Schlichting served over 35 years in healthcare administration, including more than a decade as Henry Ford Health System’s CEO. During her tenure, she was credited with leading the system through a dramatic financial turnaround and winning the Malcolm Baldrige National Quality Award, the John M. Eisenberg Patient Safety and Quality Award, and the Foster G. McGaw Prize recognizing hospitals that improve their communities’ health and well-being. She served 11 years on the MHA Board of Trustees and as its chair in 2008-2009. In addition to co-chairing MERC, Schlichting serves on the boards of Duke University Health System, Walgreens Boots Alliance, Hill-Rom Holdings Inc., Ardent Health Services, The Kresge Foundation and several other national and community organizations.
Bruff will complete a four-decade healthcare career June 30 when he retires as president and CEO of Covenant HealthCare. He joined the former St. Luke’s Hospital in 1983 as the director of materials management and advanced to several senior executive positions, serving as vice president of inpatient services when St. Luke’s merged with Saginaw General to create Covenant HealthCare in 1998. Bruff served as chief operating officer from 1999 until he transitioned to the top leadership position in January 2015.
Bruff has served on the MHA Board of Trustees since July 2012 and has lent his expertise to several of the association’s committees and task forces over the years. He has been an important voice for hospitals in many areas, including the reform of auto no-fault insurance and working with Blue Cross Blue Shield of Michigan.
His involvement with community organizations includes serving in leadership positions with the Central Michigan University Medical Education Partners Board, the Mobile Medical Response Board, the Saginaw Valley Medical Control Authority, Saginaw Future Inc. (a regional economic growth alliance), and the Saginaw County Chamber of Commerce Board. He is also an associate of the American College of Healthcare Executives.
Spahlinger stepped down in December 2020 as president of the University of Michigan Health System and executive vice dean for clinical affairs in the university’s medical school. During the four years he led the health system, he was instrumental in guiding and restructuring the organization and its distinct business units, including the adult hospital, women and children’s hospital, the medical group and ambulatory care settings. Within the triad leadership model that was created, Spahlinger and his leadership team also worked to increase local problem-solving in the units by strengthening physician and nursing partnerships and total care team collaborations.

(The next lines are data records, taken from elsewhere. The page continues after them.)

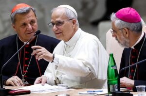 «Першае, што я хачу сказаць усім, – гэта місійнасць, абвяшчэнне Евангелля», — сказаў Леў XIV на пачатку сустрэчы з сінадальнымі групамі ў Ватыкане.
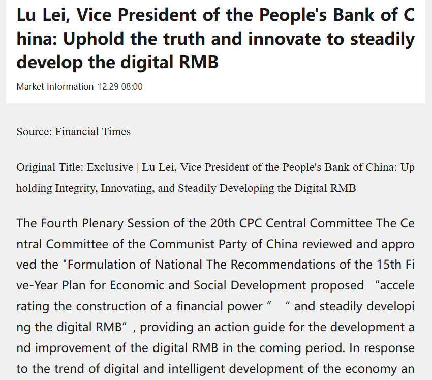The new CBDC framework will allow banks to treat the digital yuan as part of their asset-liability operations, Lu Lei, a deputy governor of the People’s Bank of China, wrote in a PBOC-affiliated China Financial News article, republished by Sina Finance on Monday.
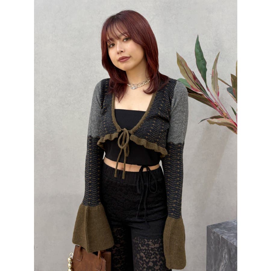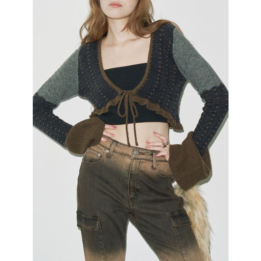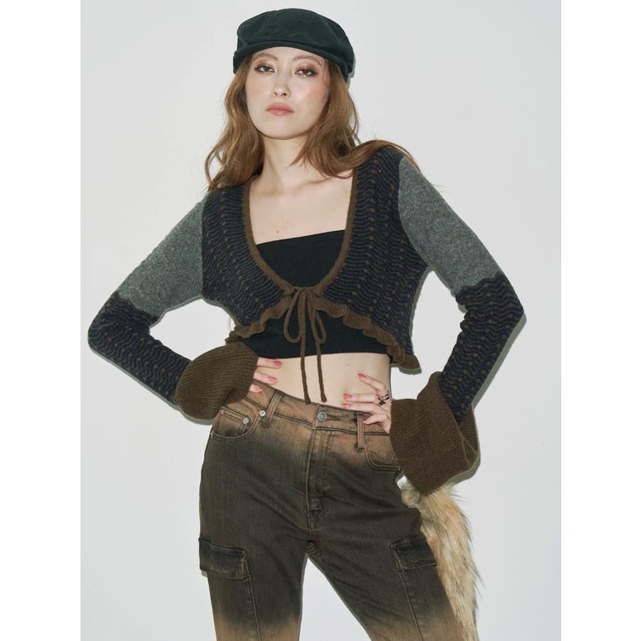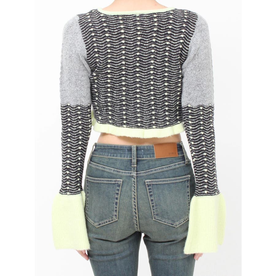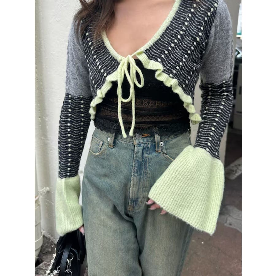 ■デザインEVRIS(エヴリス)らしいカラフルな配色が目を引くニットトップスです。オリジナルで作成しているパターンは、秋冬のEVRIS定番人気のデザインです。袖のたっぷりとしたボリュームに、身頃はすっきりとコンパクトなサイジング。メリハリのあるシルエットが叶う一枚です。■スタイリングフレアパンツや、カーゴパンツなどボリュームのあるボトムとの合わせがおすすめです。-------------- 透け感:なし 裏地:なし 生地の厚み:普通伸縮性:あり--------------
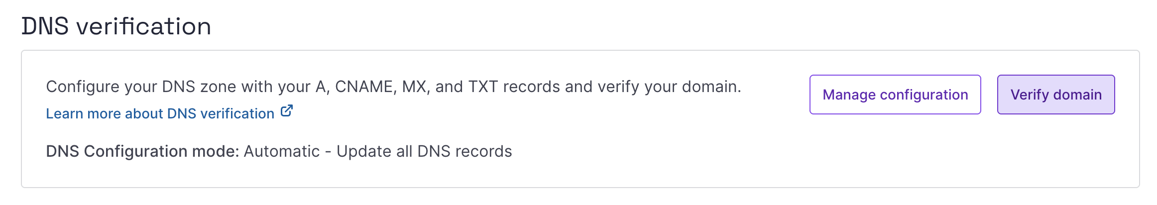 - After updating your DNS configuration, click Verify domain. This initiates the DNS verification process. Once the process is complete, a green check with the text Configured will display next to the nameservers and records to configure.

Spahlinger has relentlessly focused on improving and standardizing quality and safety, improving access and the patient experience. He directed efforts that resulted in a reduction of healthcare acquired conditions, an increase in patient experience rankings and lowering the organization’s readmission rate. He also led the healthcare performance improvement initiative to improve Michigan Medicine’s safety culture and create a highly reliable organization.
After needing to limit his clinical work while he served as health system president, Spahlinger has returned to providing inpatient care and working at his clinic.